В 1965 году, еще до создания диспансера, мне пришлось работать ординатором в хирургическом отделении больницы скорой помощи. Всех врачей забрали тогда на гражданскую оборону, а меня оставили, поскольку у меня была областная прописка и я в городских мероприятиях не значился. В отделении неотложной помощи на сто коек я остался один вместо всех врачей на две недели, и это были самые прекрасные дни моей жизни: уехали все, никто не мешал, мероприятия прекратились, осталась одна работа в чистом виде.

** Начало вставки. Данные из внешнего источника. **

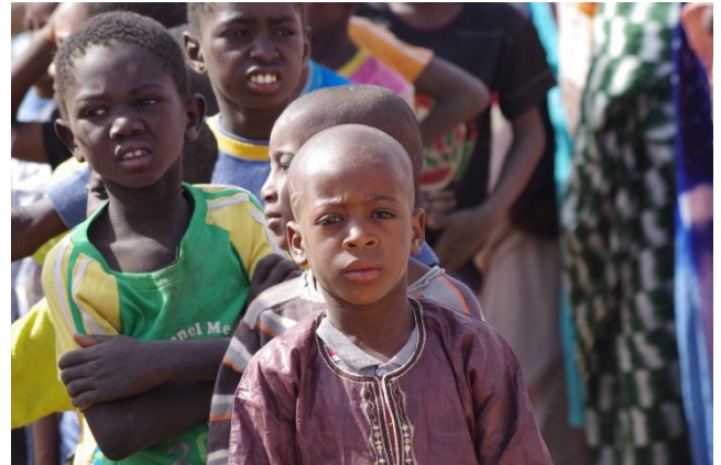
UNHCR supports the six primary schools in Mberra camp.

О «чистой» работе мечтают многие. Заведующая отделением детской ортопедии сначала выдвинула совсем детский проект: перерезать в отделении телефонный кабель, запереть двери на ключи и — работать. А потом предложила более зрелую идею: работать в воскресенье и в субботу, когда телефоны молчат, курьеры не ходят, административная жизнь замирает. В таких идеальных условиях можно успеть очень много, а отдыхать — в понедельник и вторник. Как раз и начальство требует, чтобы работала больница всю неделю по скользящему графику. На том и сыграть.

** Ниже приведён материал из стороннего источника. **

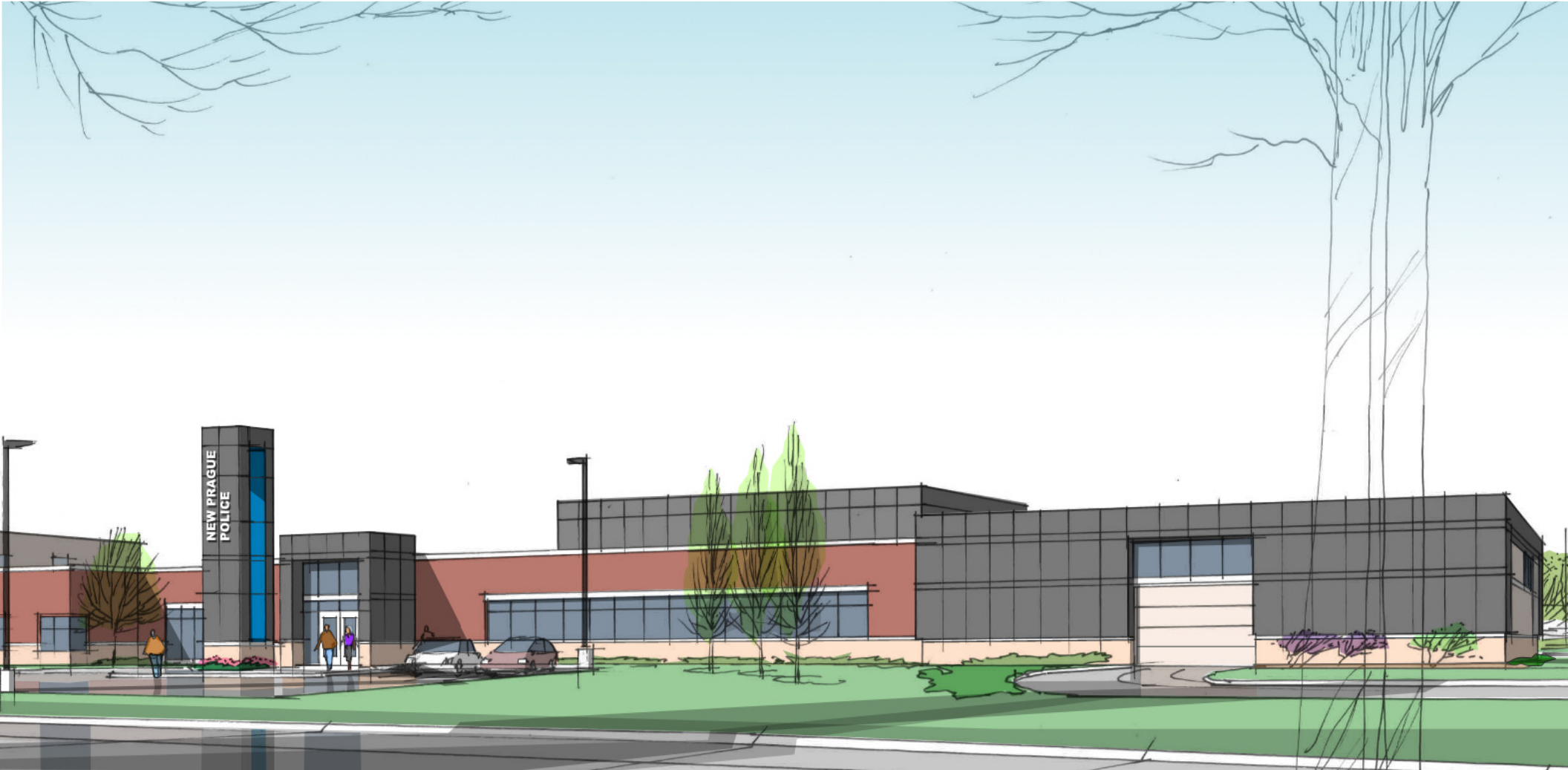
Concept Sketch (View from 5 th Ave. NW)

Эту модель я тоже использую в модификации: никогда не хожу в отпуск летом. Самые ретивые в это время на Черном море, сил набираются. В октябре, примерно, хорошо отдохнув, кидаются они в работу. А я — в отпуск: опять разминулись. Потом годовой отчет, Новый год, весну перекантовать, а летом — опять замирают они. Пока — все мелочи, небольшие тактические приемы, а нельзя без них, нужны эти мелочи, чтобы выжить.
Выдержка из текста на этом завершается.